YOUR OBJECTIVE -
Without changing a word, repeat the data, and include no pictures.

DATA EXCERPT -
[Start of Attachment]

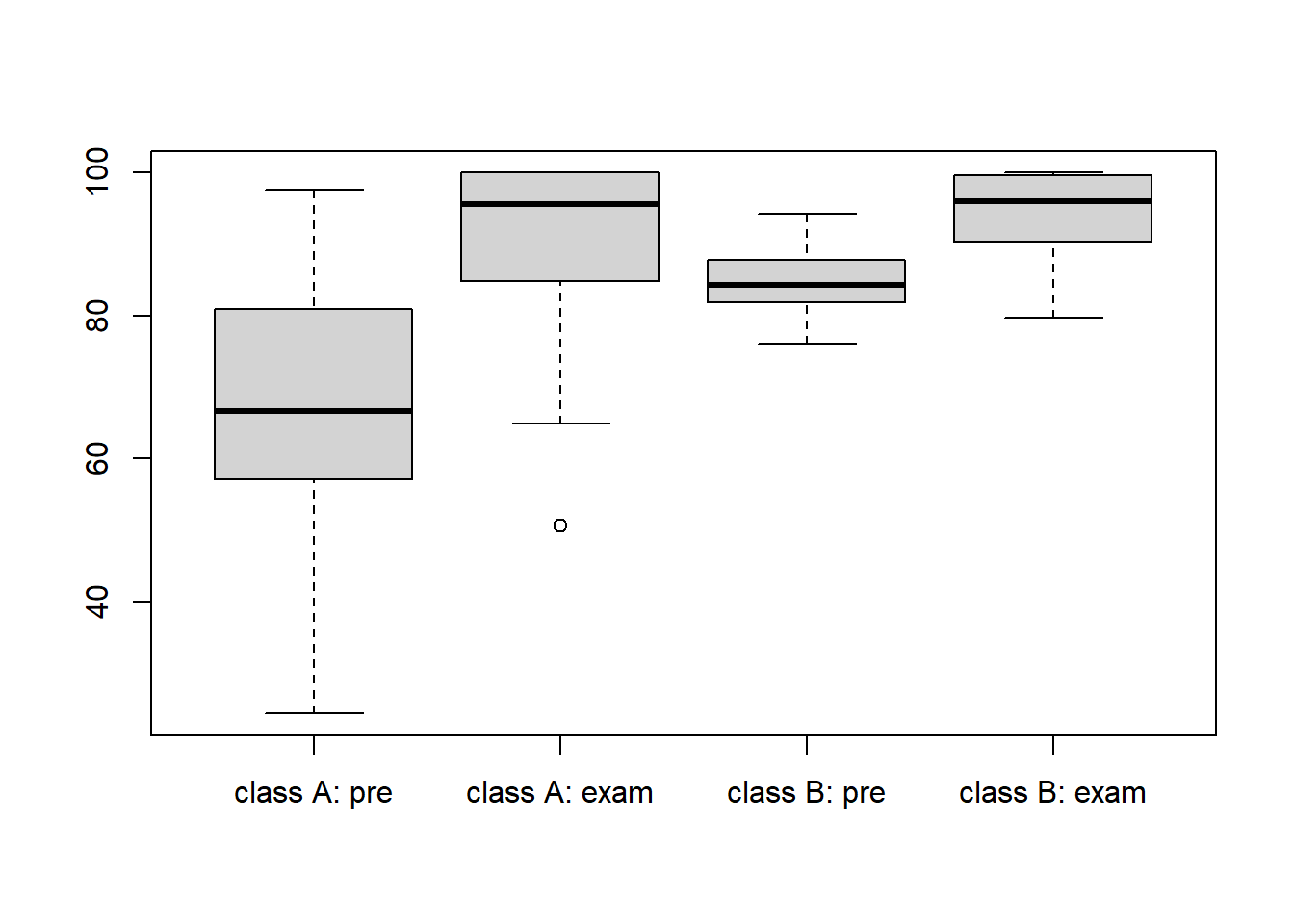 names = c("class A: pre", "class A: exam", "class B: pre", "class B: exam"))
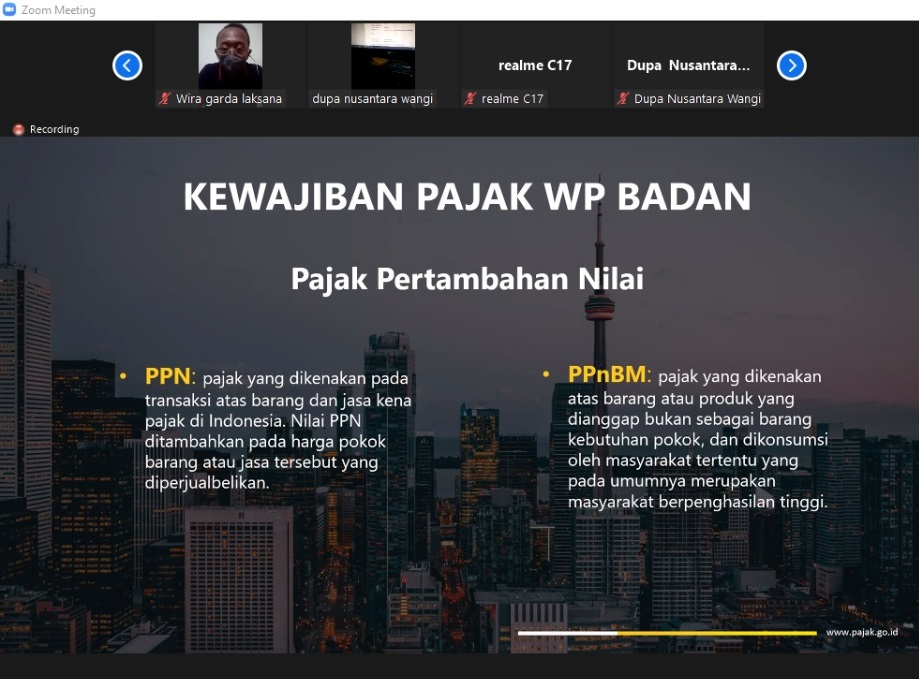 Tim Penyuluh Pajak Kantor Wilayah (Kanwil) DJP Jawa Timur II bersama Tim Penyuluh Pajak Kantor Pelayanan Pajak (KPP) Pratama Mojokerto menyelenggarakan edukasi perpajakan bagi wajib pajak strategis yang belum menyampaikan Surat Pemberitahuan (SPT) Tahunan. Acara dilangsungkan secara daring di KPP Pratama Mojokerto, Kabupaten Mojokerto mulai pukul 13.00 sampai 14.30 WIB (Senin, 13/9).
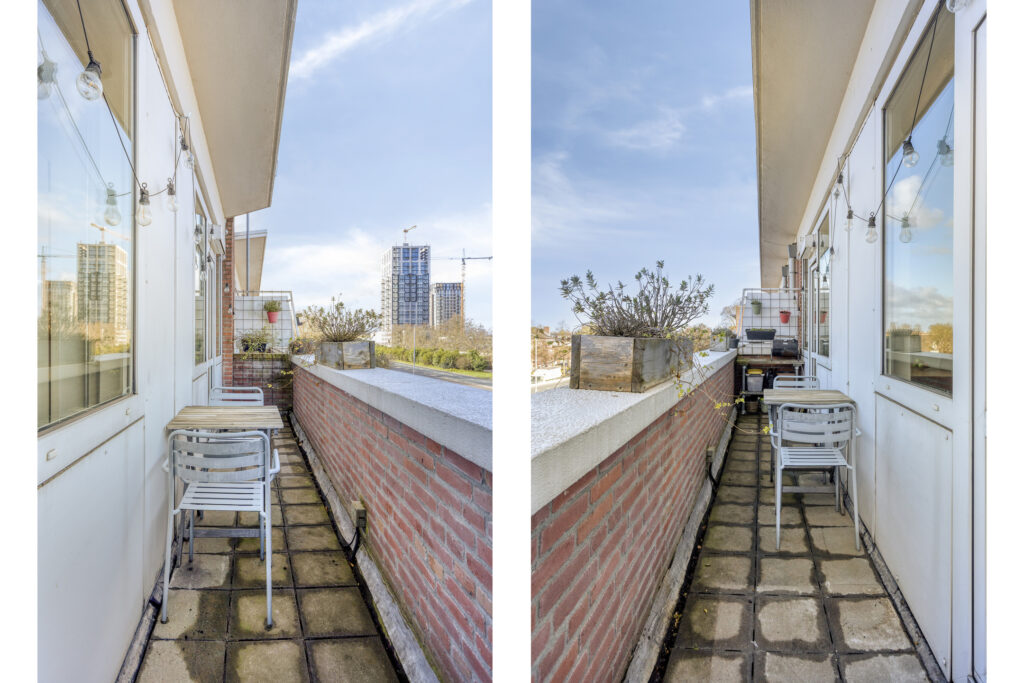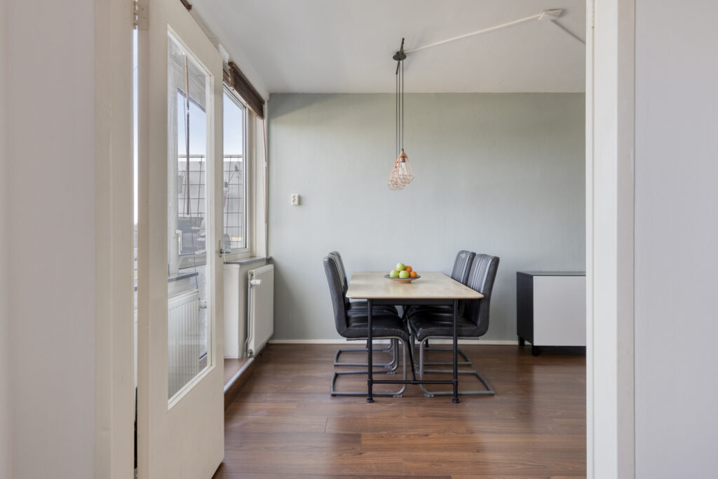 Zowel de woonkamer als de eetkamer geven toegang tot het sfeervolle balkon over de volledige breedte van de woning. Dankzij de grote raampartijen geniet u hier van veel daglicht en een fraai uitzicht over de stad.

[End of Attachment]

RESPONSE -
 names = c("class A: pre", "class A: exam", "class B: pre", "class B: exam"))
 Tim Penyuluh Pajak Kantor Wilayah (Kanwil) DJP Jawa Timur II bersama Tim Penyuluh Pajak Kantor Pelayanan Pajak (KPP) Pratama Mojokerto menyelenggarakan edukasi perpajakan bagi wajib pajak strategis yang belum menyampaikan Surat Pemberitahuan (SPT) Tahunan. Acara dilangsungkan secara daring di KPP Pratama Mojokerto, Kabupaten Mojokerto mulai pukul 13.00 sampai 14.30 WIB (Senin, 13/9).
 Zowel de woonkamer als de eetkamer geven toegang tot het sfeervolle balkon over de volledige breedte van de woning. Dankzij de grote raampartijen geniet u hier van veel daglicht en een fraai uitzicht over de stad.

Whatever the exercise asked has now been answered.